***** Input material *****

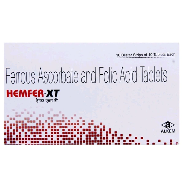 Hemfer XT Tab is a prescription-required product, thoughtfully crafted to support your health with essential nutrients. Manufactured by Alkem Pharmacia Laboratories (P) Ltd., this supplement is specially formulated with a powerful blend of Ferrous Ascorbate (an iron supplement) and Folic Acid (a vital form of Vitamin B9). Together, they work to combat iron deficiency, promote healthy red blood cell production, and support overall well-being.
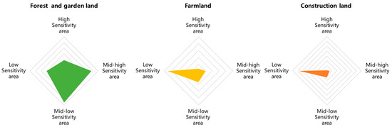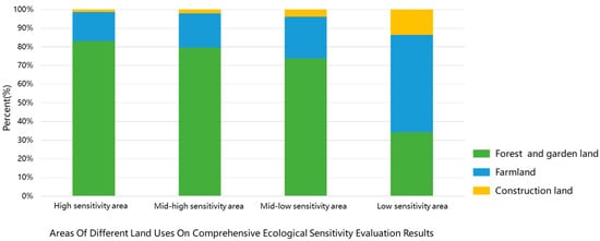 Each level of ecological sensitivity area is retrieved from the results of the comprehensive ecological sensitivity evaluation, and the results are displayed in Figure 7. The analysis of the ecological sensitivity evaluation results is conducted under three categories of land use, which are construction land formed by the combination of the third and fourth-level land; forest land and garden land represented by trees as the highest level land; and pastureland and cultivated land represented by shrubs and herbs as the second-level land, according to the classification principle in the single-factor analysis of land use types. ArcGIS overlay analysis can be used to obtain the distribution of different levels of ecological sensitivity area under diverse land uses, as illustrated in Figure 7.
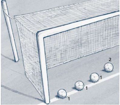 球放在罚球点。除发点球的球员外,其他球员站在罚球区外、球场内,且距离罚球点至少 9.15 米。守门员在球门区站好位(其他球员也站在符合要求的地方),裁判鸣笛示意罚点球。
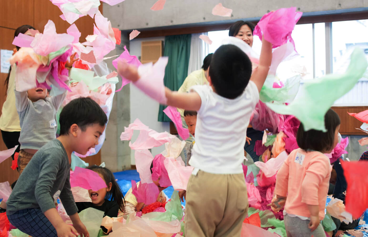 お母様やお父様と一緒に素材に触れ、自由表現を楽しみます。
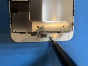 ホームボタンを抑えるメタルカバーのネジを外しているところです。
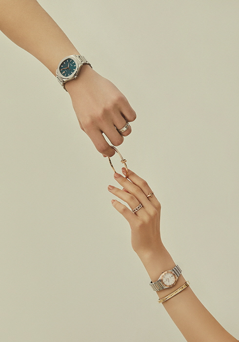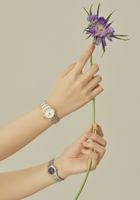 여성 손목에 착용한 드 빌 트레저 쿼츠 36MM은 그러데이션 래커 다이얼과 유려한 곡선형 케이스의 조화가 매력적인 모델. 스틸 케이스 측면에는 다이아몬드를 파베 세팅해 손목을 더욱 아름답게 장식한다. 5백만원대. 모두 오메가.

*****

# Task brief
Copy the entries above exactly from the line with "ホームボタンを抑えるメタルカバーのネジを外しているところです。" down to their last line, both ends included. Do not copy any pictures.

# Reply to the task
 ホームボタンを抑えるメタルカバーのネジを外しているところです。
 여성 손목에 착용한 드 빌 트레저 쿼츠 36MM은 그러데이션 래커 다이얼과 유려한 곡선형 케이스의 조화가 매력적인 모델. 스틸 케이스 측면에는 다이아몬드를 파베 세팅해 손목을 더욱 아름답게 장식한다. 5백만원대. 모두 오메가.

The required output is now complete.